It is known that almost half of all human DNA consists of retrotransposons, the genetic elements (sometimes called genetic parasites) are able to move and reproduce within the genome. In bacteria they are practically absent. The attempt of scientists to transfer human retrotransposon in the cell of the bacteria led to the death of the latter. This was due to the fact that mobile genetic elements were integrated into genes that are vital for bacteria.

Eukaryotes have several mechanisms to repair DNA damaged by the retrotransposon. One such mechanism is homologous to a connection end joining (NHEJ), in which the ends of the cut DNA are stitched together directly. The possible loss of whole DNA fragments. However, the transfer of such mechanism in the bacterial cells not only helped to restore the damaged genes, but also accelerated the destruction of the genome. This indicates that in eukaryotes there are specific mechanisms of regulation of the genome.

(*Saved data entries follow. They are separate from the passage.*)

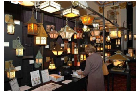
17th Annual Craftsman Weekend October 17-19

Pasadena Heritage 651 South Saint John Avenue Pasadena, California 91105-2913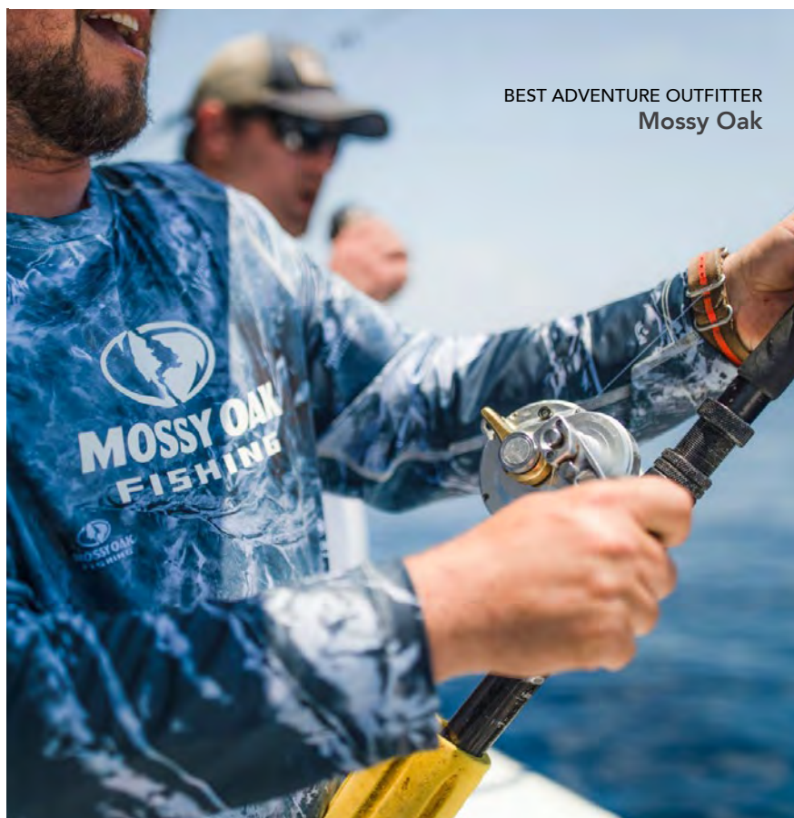
BEST ADVENTURE OUTFITTER Mossy Oak

Aberdeen RV, Aberdeen Camper Corral, Madison Camping World, Jackson Rocket RV, Columbus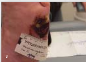
3 GammaGraft® after air-dried, 3 days later.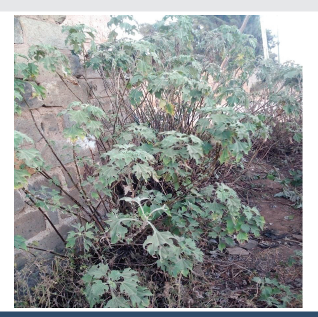
Figure 1: Tithonia diversifolia aerial parts.

diarrhea, wound healing among others, the effects of this drug are said to be attributed to the presence of terpenoids and flavonoids in its aerial parts. With the exploration and incorporation on the scientific understanding of plants, there has been the need to collect information on various kinds of plants that can be used in treatment of various specific ailments [3].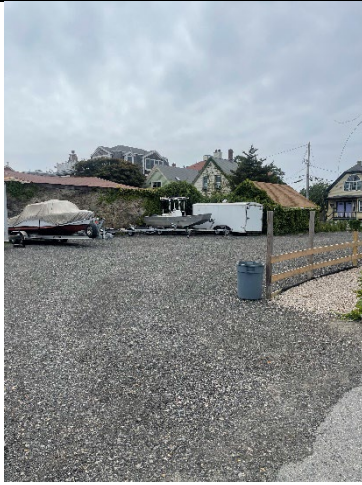
View of temporary cap area.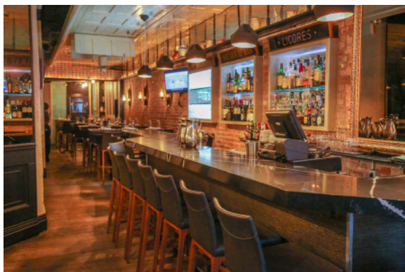
BAR DE VINOS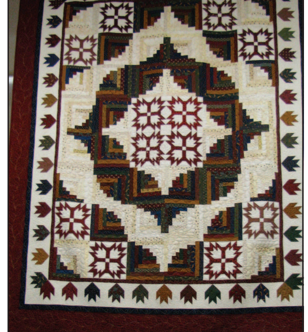
The St. Mary's Quilt and Craft Fair was held this year from September 20-23. As usual there were many quilts and crafts to enjoy, and of course great soups, pies and cinnamon rolls! It was another successful event.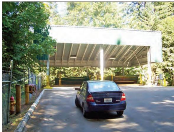
Disposal area (4 stalls) exterior gate to the Skykomish Drop Box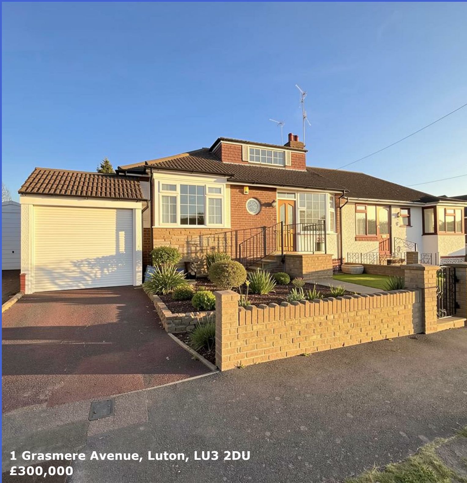
1 Grasmere Avenue, Luton, LU3 2DU £300,000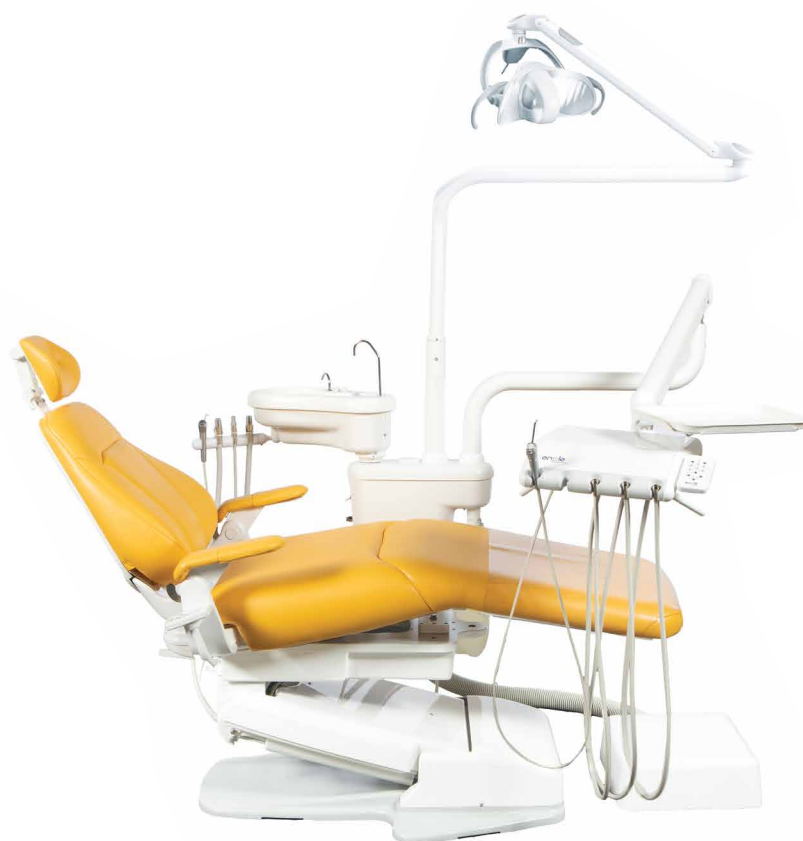
E300T Traverse Chair Shown with Summit Stitch Upholstery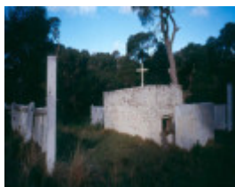
H02030 point nepean crematorium

One such mechanism is spliceosome — structure consisting of RNA molecules and proteins, which remove non-coding sections (its introns are) from precursors of Mature mRNA. Introns characteristic of eukaryotic genes and the human genome there are more than 300 thousand. It is believed that the evolutionary precursor of spliceosome introns were the 2nd group of mobile genetic elements present in bacteria and is able to catalyze its own synthesis. Introns in its properties are very similar to the bacterial analogue of retrotransposons.

According to scientists, the introns of the 2nd group somehow ended up in the cells of early eukaryotes, and their interaction with the NHEJ led to the emergence of spliceosome. In some cases, spliceosome capable of alternative splicing, that is, of messenger RNA introns are cut some are not or, conversely, cut the exons (coding portions of genes). Thus, genes are able to encode multiple protein products that contributed to the complexity of living organisms.

In addition, biologists believe that the interaction of retrotransposons with NHEJ also contributed to the emergence of chromosomes, the three-dimensional structures, in which “wrapped” the genetic material of cells that affects the activity of many genes.

Video, photo All from Russia.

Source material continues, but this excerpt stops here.